SOURCE INFORMATION:
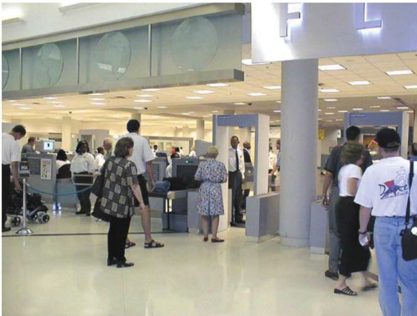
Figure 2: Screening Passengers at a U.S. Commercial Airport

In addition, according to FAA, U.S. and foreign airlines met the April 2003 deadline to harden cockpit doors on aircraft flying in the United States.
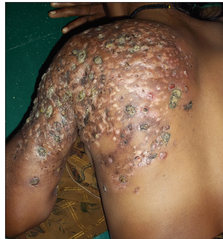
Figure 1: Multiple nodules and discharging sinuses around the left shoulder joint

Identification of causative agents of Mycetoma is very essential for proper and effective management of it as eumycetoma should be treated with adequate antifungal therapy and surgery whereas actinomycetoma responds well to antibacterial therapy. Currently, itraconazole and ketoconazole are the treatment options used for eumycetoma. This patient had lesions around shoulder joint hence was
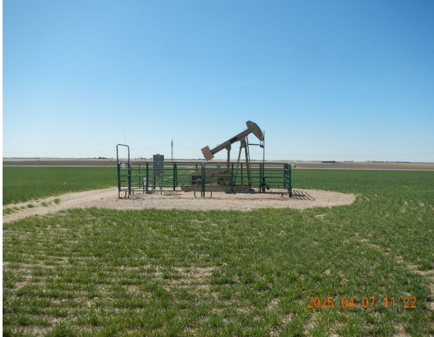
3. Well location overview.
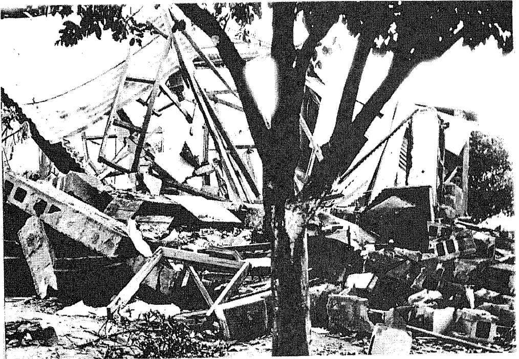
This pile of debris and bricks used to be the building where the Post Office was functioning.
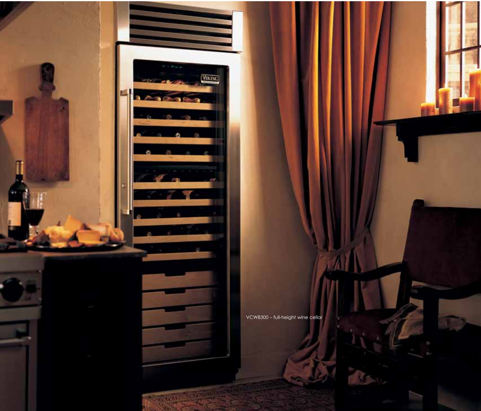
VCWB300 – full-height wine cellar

DESCRIPTION OF THE TASK: Would you write out exactly the lines above, starting at the line containing "In addition, according" and stopping after the line containing "3. Well location overview."? Omit the pictures.

TASK OUTPUT:
In addition, according to FAA, U.S. and foreign airlines met the April 2003 deadline to harden cockpit doors on aircraft flying in the United States.
Figure 1: Multiple nodules and discharging sinuses around the left shoulder joint

Identification of causative agents of Mycetoma is very essential for proper and effective management of it as eumycetoma should be treated with adequate antifungal therapy and surgery whereas actinomycetoma responds well to antibacterial therapy. Currently, itraconazole and ketoconazole are the treatment options used for eumycetoma. This patient had lesions around shoulder joint hence was
3. Well location overview.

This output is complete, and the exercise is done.